Action item. In the records below, find the line with "Above is Kevin", then retype it and every following line exactly, stopping after the line with "It's just a". Leave the pictures out.

═══ Data provided ═══

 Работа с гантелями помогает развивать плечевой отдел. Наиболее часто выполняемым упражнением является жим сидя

═══
═══ Data provided ═══

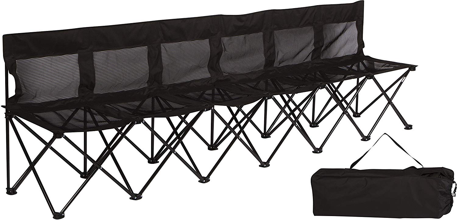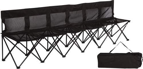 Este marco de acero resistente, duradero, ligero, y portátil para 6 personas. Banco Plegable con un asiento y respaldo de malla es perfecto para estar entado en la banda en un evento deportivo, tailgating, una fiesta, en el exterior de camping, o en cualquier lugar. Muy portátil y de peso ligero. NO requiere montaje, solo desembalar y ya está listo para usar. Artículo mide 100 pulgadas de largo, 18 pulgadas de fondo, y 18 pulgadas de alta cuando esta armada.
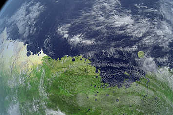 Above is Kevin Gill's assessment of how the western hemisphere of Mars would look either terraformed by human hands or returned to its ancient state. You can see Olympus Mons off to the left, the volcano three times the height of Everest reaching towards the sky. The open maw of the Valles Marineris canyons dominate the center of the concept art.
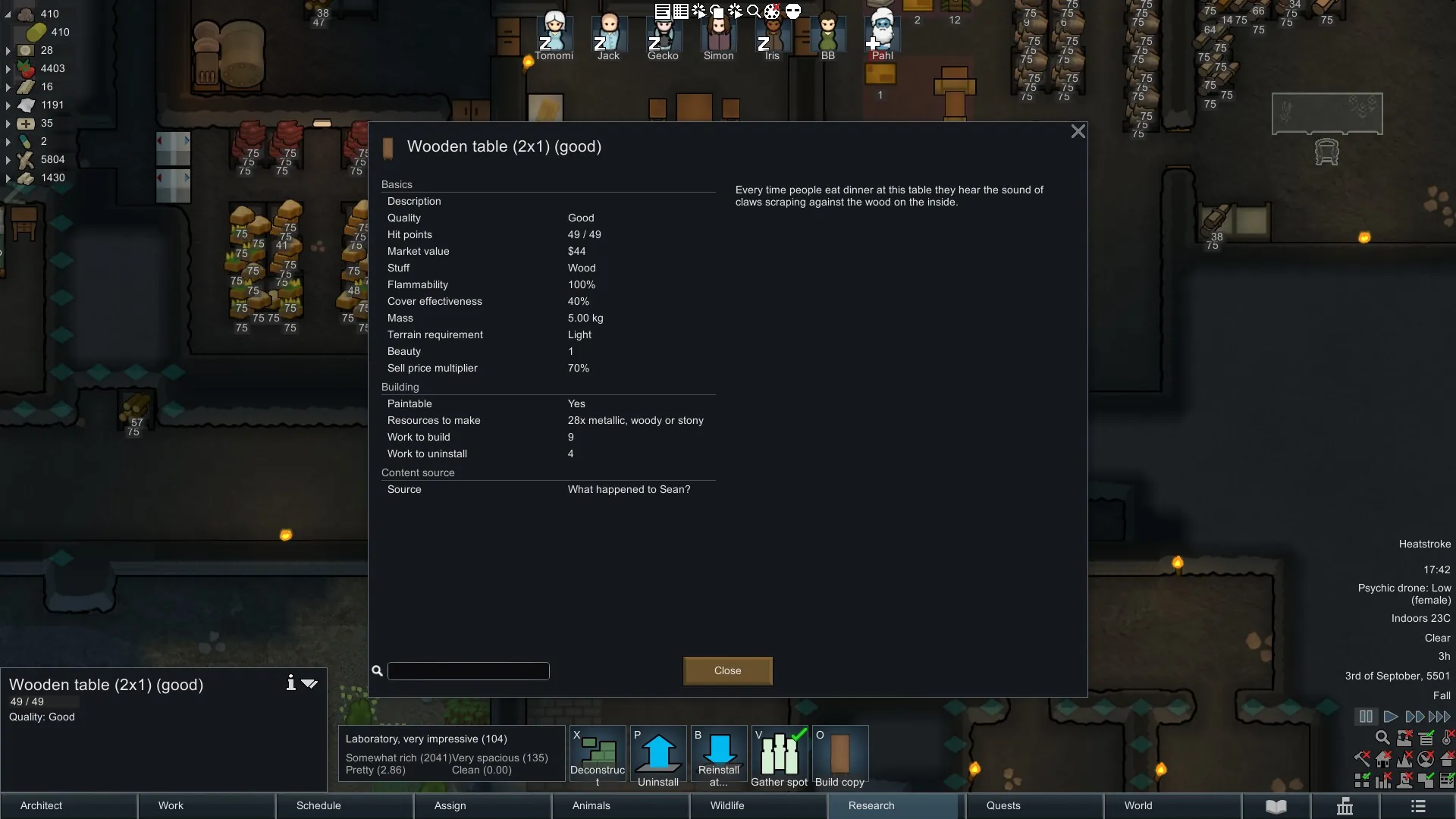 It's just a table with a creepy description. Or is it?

═══

Answer section.
 Above is Kevin Gill's assessment of how the western hemisphere of Mars would look either terraformed by human hands or returned to its ancient state. You can see Olympus Mons off to the left, the volcano three times the height of Everest reaching towards the sky. The open maw of the Valles Marineris canyons dominate the center of the concept art.
 It's just a table with a creepy description. Or is it?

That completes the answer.